How sum embedded dataframe columns in a dynamic R list?


I am learning to work with lists.

How would I add all columns in a dynamic list with embedded dataframes, where for example I want to sum all columns named First.allocation in all sublists whose names begin with Syria?
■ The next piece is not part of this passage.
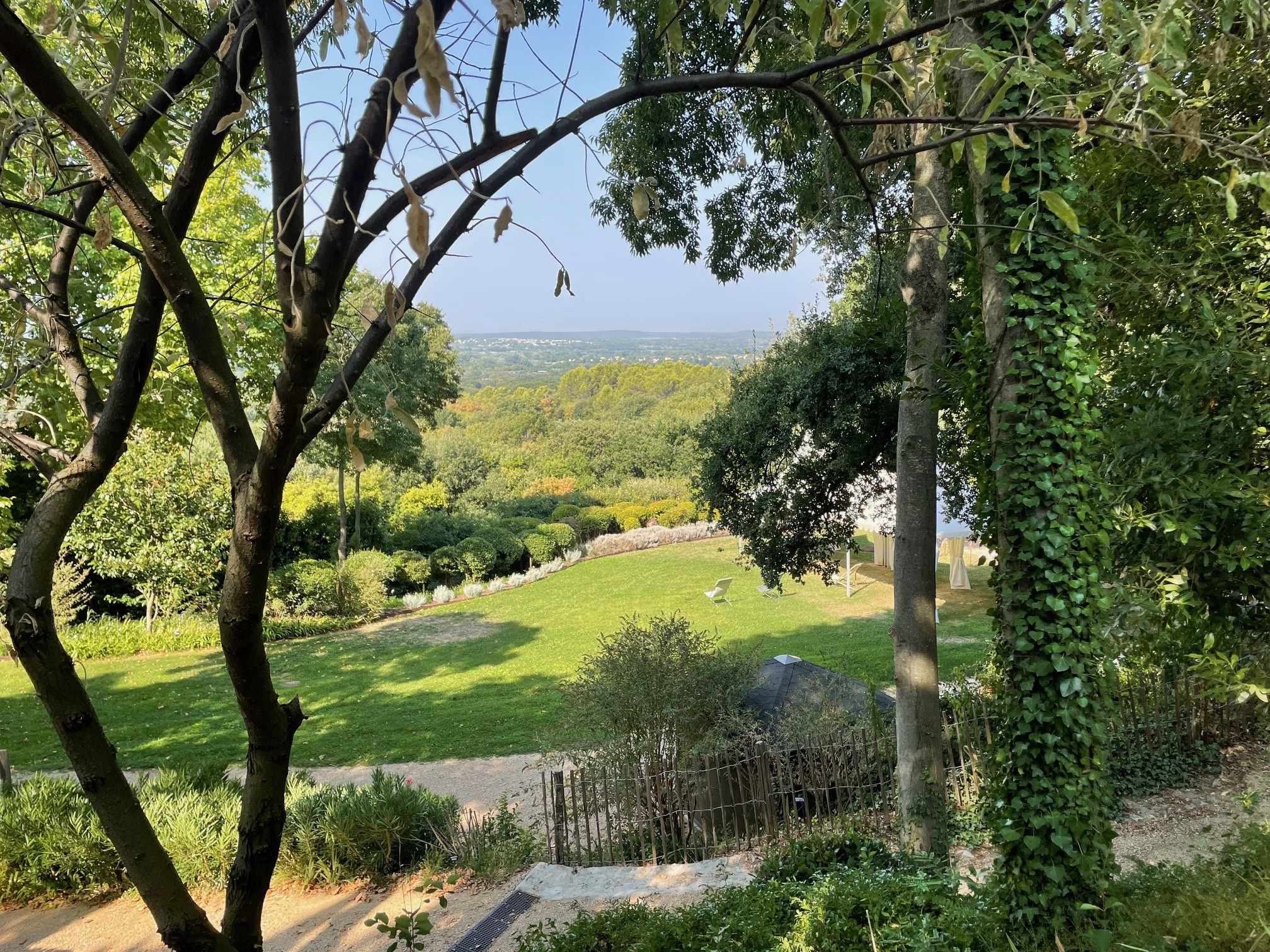 Du théâtre de verdure, créé par Frédéric Sichet, architecte paysagiste, implanté à flanc de coteau, on découvre une très belle vue sur la plaine et le duché d’Uzès.

For example, in List1 below, the function or formula would return a vector of (7,9,11,13,15) representing the columnar sums of the sublist Syria_One and sublist Syria_Two "First.allocation" columns.

As another example, in List2 below, the function or formula would return a vector of (1,2,3,4,5) representing the First.allocation column of the only sublist in the list that begins with "Syria".

List1 <- list(
  Syria_One = data.frame(
    First.allocation = c(1,2,3,4,5),
    Second.numerator = rep(0,5),
    Second.allocation = rep(0,5)
  ),
  Syria_Two = data.frame(
    First.allocation = c(6,7,8,9,10),
    Second.numerator = rep(0,5),
    Second.allocation = rep(0,5)
  ),
  Tunisia = data.frame(
    First.allocation = rep(0.2,5),
    Second.numerator = rep(0,5),
    Second.allocation = rep(0,5)
  ),
  Total = data.frame(
    First.allocation = rep(1,5),
    Second.numerator = rep(0,5),
    Second.allocation = rep(0,5)
  )
)

List2 <- list(
  Syria_One = data.frame(
    First.allocation = c(1,2,3,4,5),
    Second.numerator = rep(0,5),
    Second.allocation = rep(0,5)
  ),
  Tunisia = data.frame(
    First.allocation = rep(0.2,5),
    Second.numerator = rep(0,5),
    Second.allocation = rep(0,5)
  ),
  Total = data.frame(
    First.allocation = rep(1,5),
    Second.numerator = rep(0,5),
    Second.allocation = rep(0,5)
  )
)

Solution

  • To deal with this dynamically, you can define a function with 2 parameters:

    • regex: the regular expression for list names
    • col: the column names (or indices)
    fun <- function(lst, regex = "^Syria", col = 1) {
      Reduce(`+`, lapply(lst[grepl(regex, names(lst))], `[[`, col))
    }
    
    fun(List1)
    # [1]  7  9 11 13 15
    
    fun(List2)
    # [1] 1 2 3 4 5
    

    If you want to operate other lists except "Syria", or other columns except "First.allocation", you can modify these parameters when calling fun().